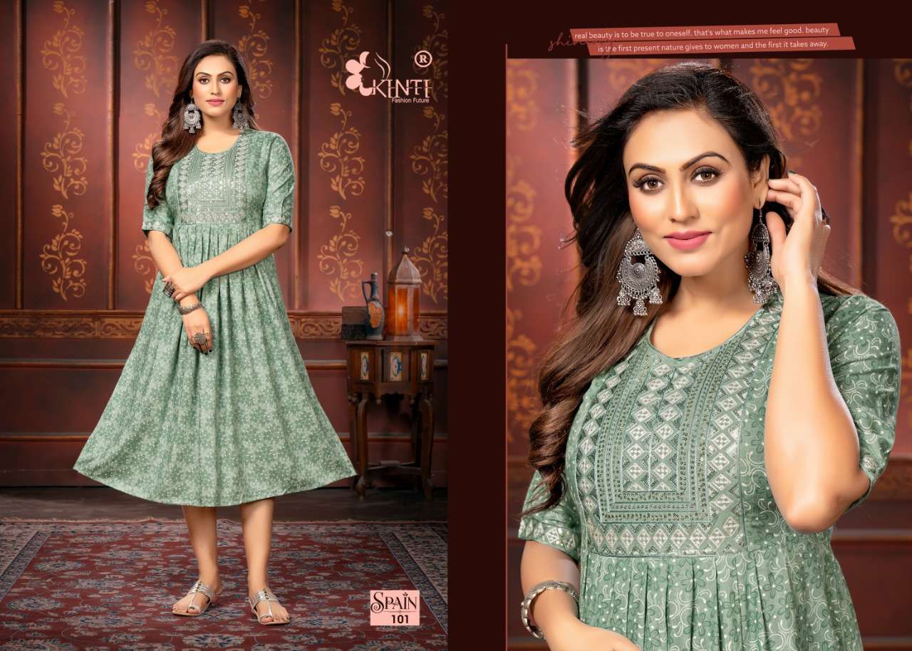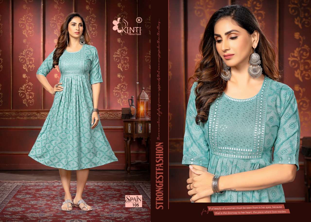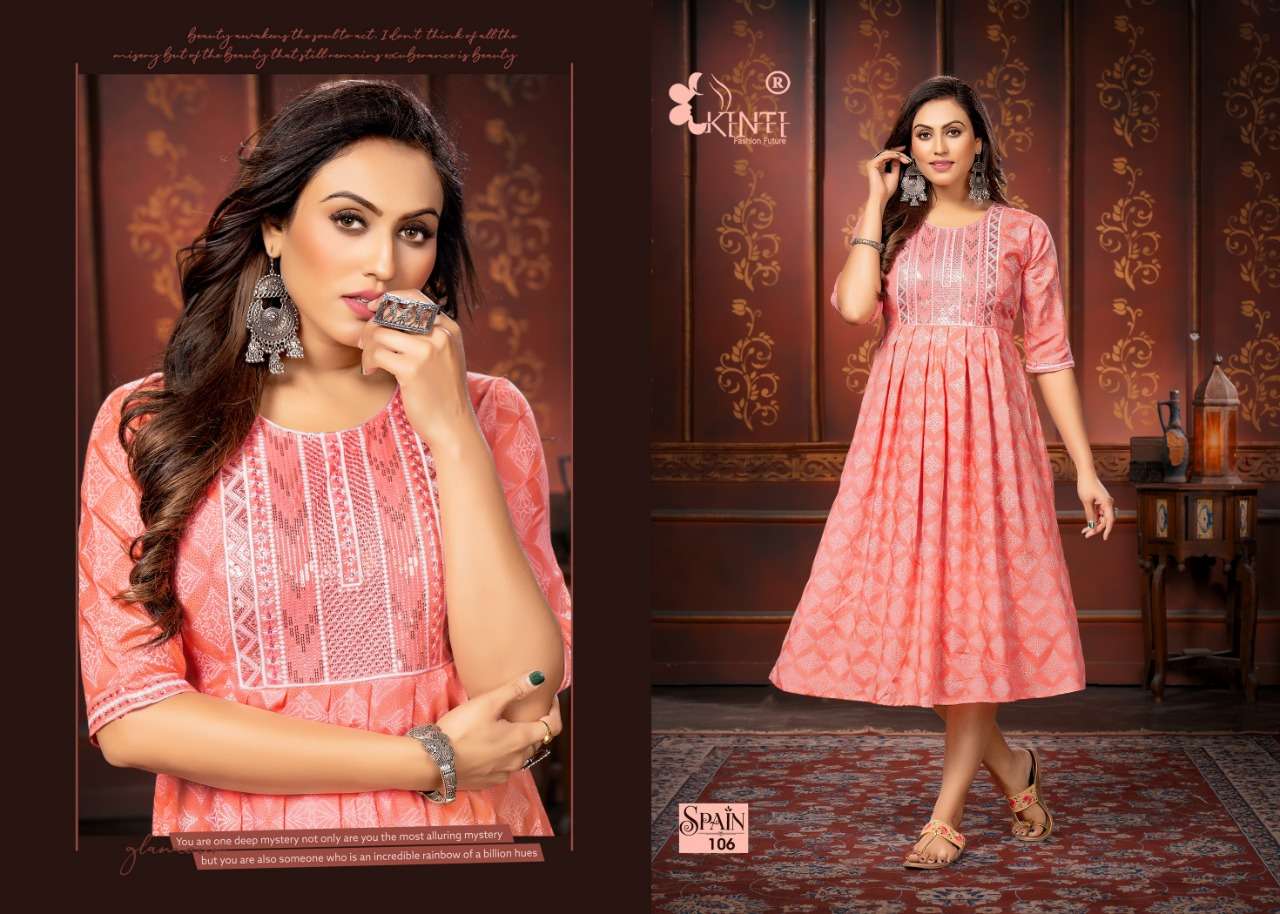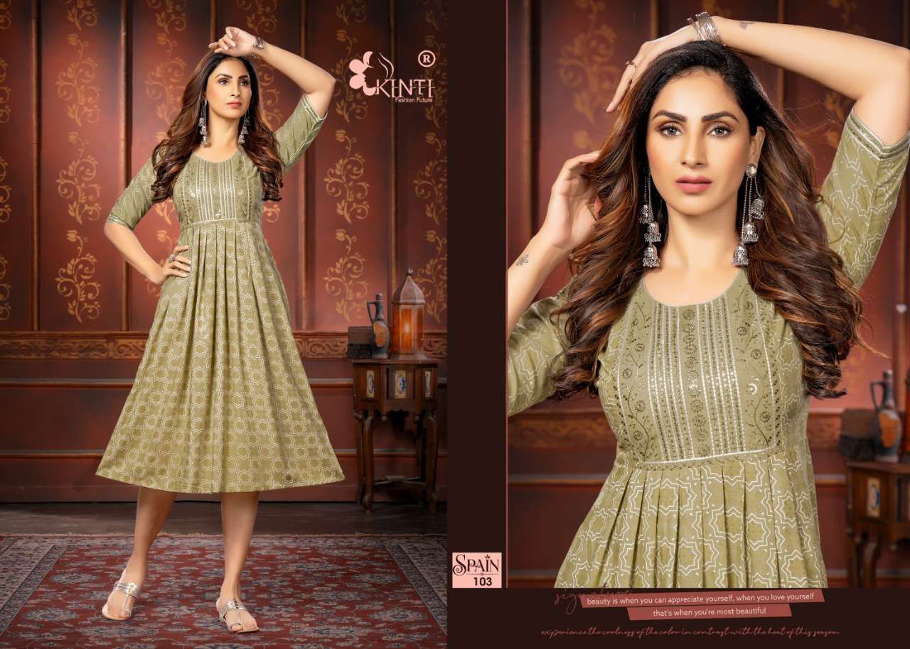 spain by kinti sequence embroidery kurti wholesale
...
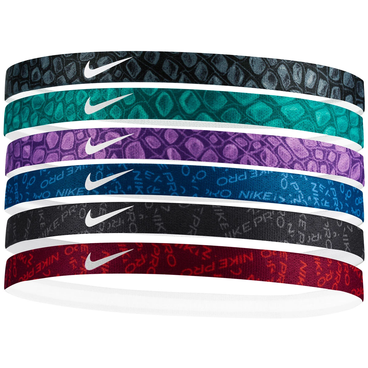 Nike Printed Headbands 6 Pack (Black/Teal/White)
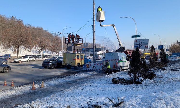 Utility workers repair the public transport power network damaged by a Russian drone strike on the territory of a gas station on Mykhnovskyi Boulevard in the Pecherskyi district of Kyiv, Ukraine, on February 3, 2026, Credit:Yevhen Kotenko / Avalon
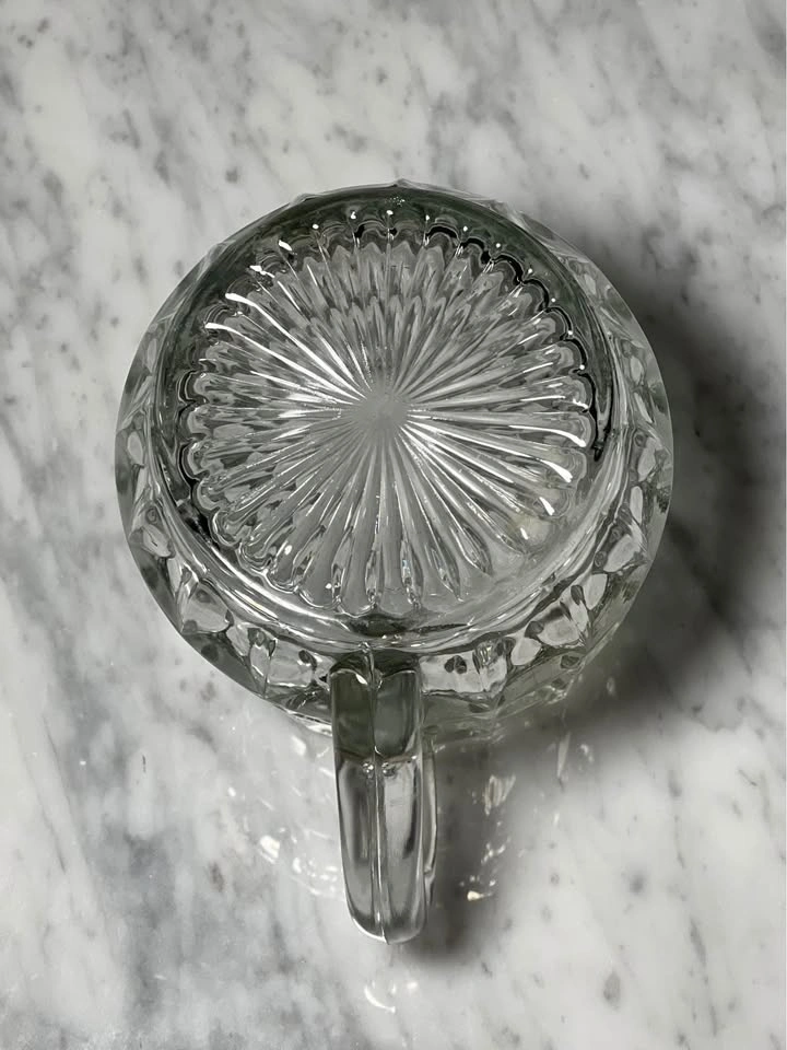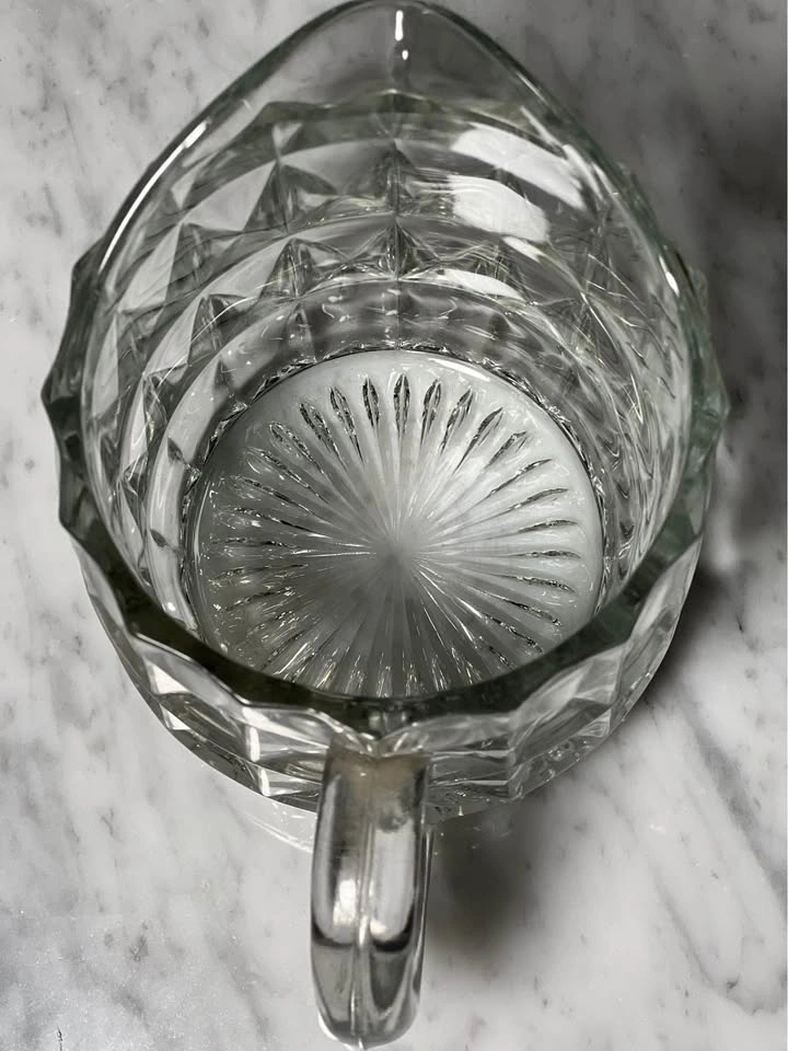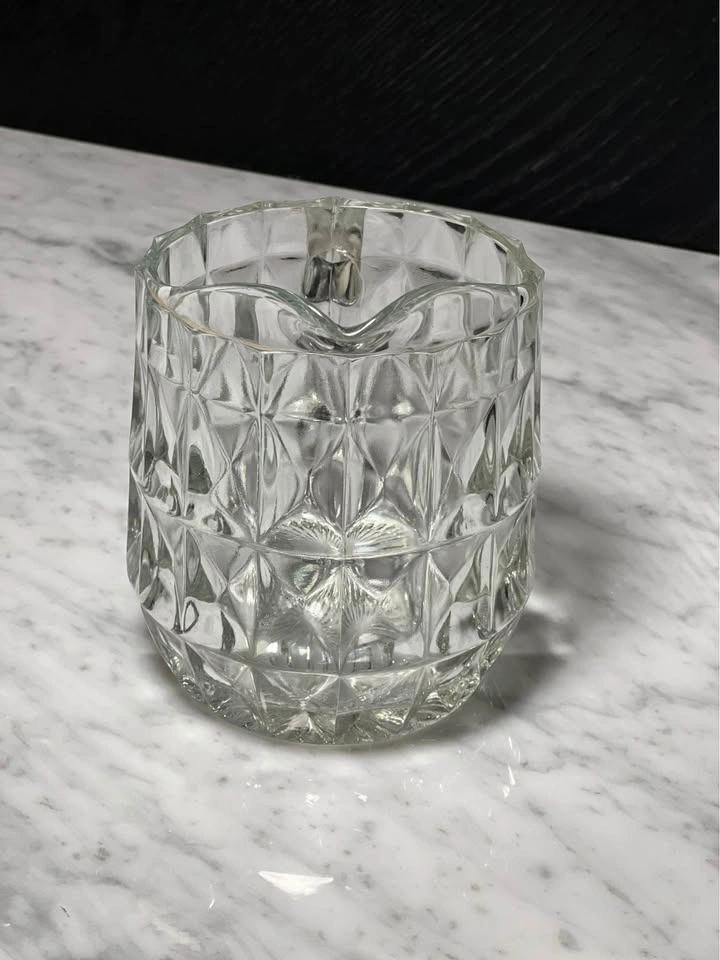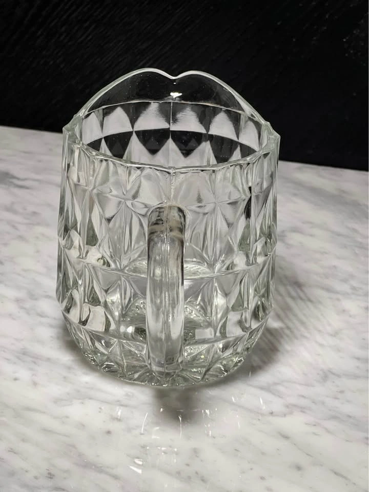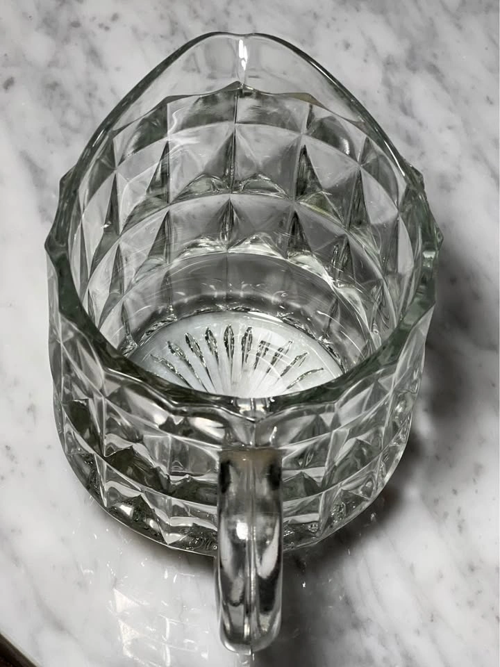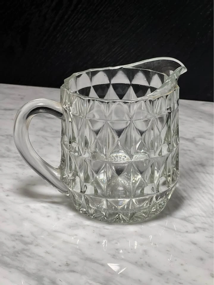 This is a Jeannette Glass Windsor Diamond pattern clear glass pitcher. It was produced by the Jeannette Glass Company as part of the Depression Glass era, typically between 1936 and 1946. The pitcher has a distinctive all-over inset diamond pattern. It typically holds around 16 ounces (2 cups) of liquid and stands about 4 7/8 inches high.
...
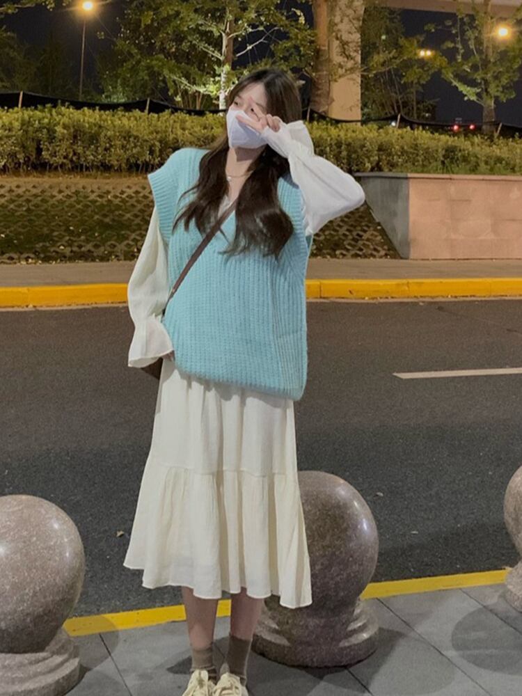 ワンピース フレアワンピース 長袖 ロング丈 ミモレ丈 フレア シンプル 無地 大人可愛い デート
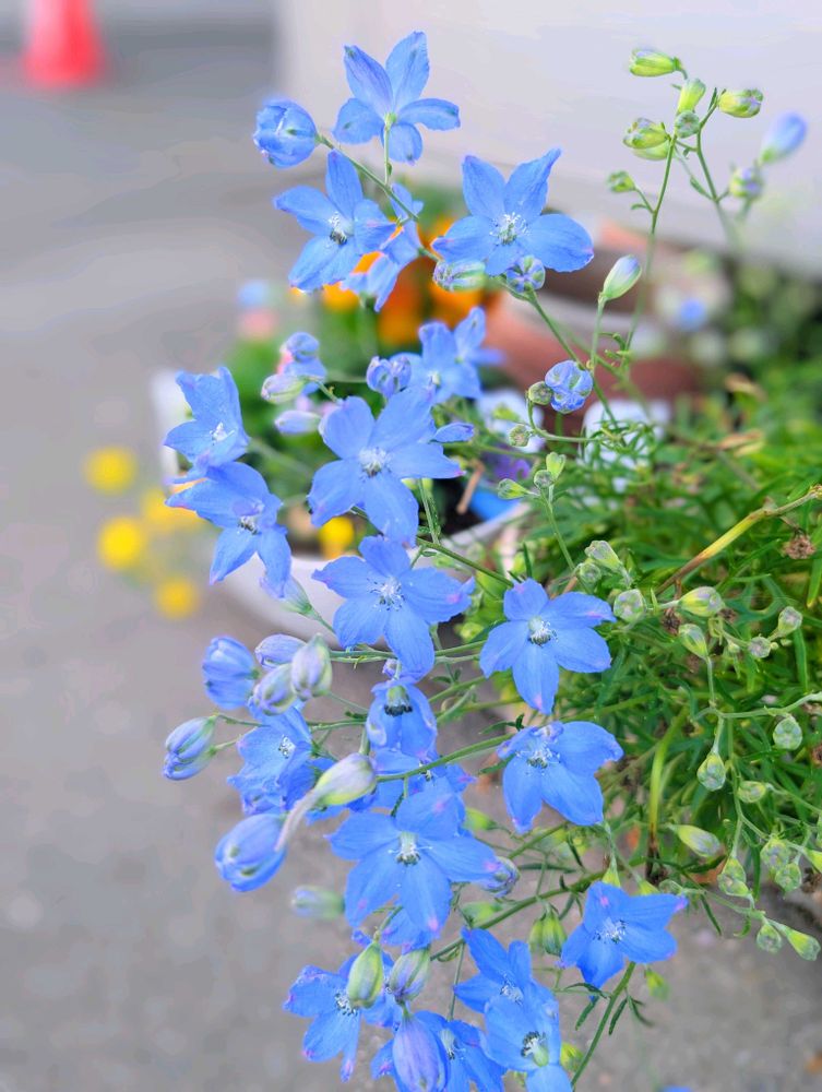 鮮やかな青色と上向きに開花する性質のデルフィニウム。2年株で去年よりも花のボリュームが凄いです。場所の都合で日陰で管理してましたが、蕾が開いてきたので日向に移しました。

The problem ->
When you reach the line that has "ワンピース フレアワンピース 長袖" in the data above, start repeating lines exactly, and stop after the line that has "鮮やかな青色と上向きに開花す"; pictures stay out.

Answer to the problem ->
 ワンピース フレアワンピース 長袖 ロング丈 ミモレ丈 フレア シンプル 無地 大人可愛い デート
 鮮やかな青色と上向きに開花する性質のデルフィニウム。2年株で去年よりも花のボリュームが凄いです。場所の都合で日陰で管理してましたが、蕾が開いてきたので日向に移しました。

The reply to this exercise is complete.